Au début des années 70, voir Clint Eastwood s'attaquer au western pour son second long-métrage en tant que metteur en scène laissait fortement supposer que le bonhomme paierait son tribut à Sergio Leone et accoucherait d'une photocopie de sa collaboration avec le maestro italien. Si Eastwood ne renie à aucun moment son passé d'homme sans nom, il fait preuve d'une intelligence remarquable et d'un véritable talent de cinéaste, tuant symboliquement ses "pères" (principalement Leone, Siegel et Hutton, dont on peu apercevoir les tombes au début du film), apportant une vision toute personnelle à un genre codifié jusqu'à l'os.

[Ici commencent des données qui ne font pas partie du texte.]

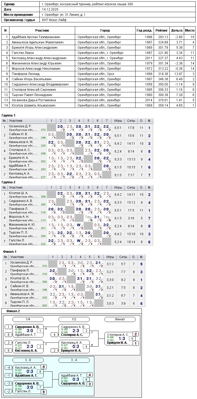 Сегодня в турнире игроков, рейтинг до 300, приняли участие 14 спортсменов

Cassant son image de cowboy viril, comme il l'avait déjà fait au cours de son premier essai (l'excellent "Un frisson dans la nuit"), Eastwood incarne ici une sorte de variation de son personnage fétiche de justicier taciturne, mais jette aux orties toute notion de bonté ou d'esprit chevaleresque, prenant le risque de s'aliéner son public avec un anti-héros ambigu dégommant trois gus et frôlant le viol sur pétasse à peine arrivée dans une bourgade rongée par la corruption.

L'acteur / cinéaste offre une vision extrêmement pessimiste de l'humanité, montrant les hommes comme des lâches et les femmes comme des garces hystériques, réglant violemment ses comptes avec les nanties et les institutions, ne faisant preuve d'une légère bienveillance qu'envers les outsiders, les freaks et les laissés pour compte, se posant en gardien sentencieux de valeurs morales disparues depuis belle lurette.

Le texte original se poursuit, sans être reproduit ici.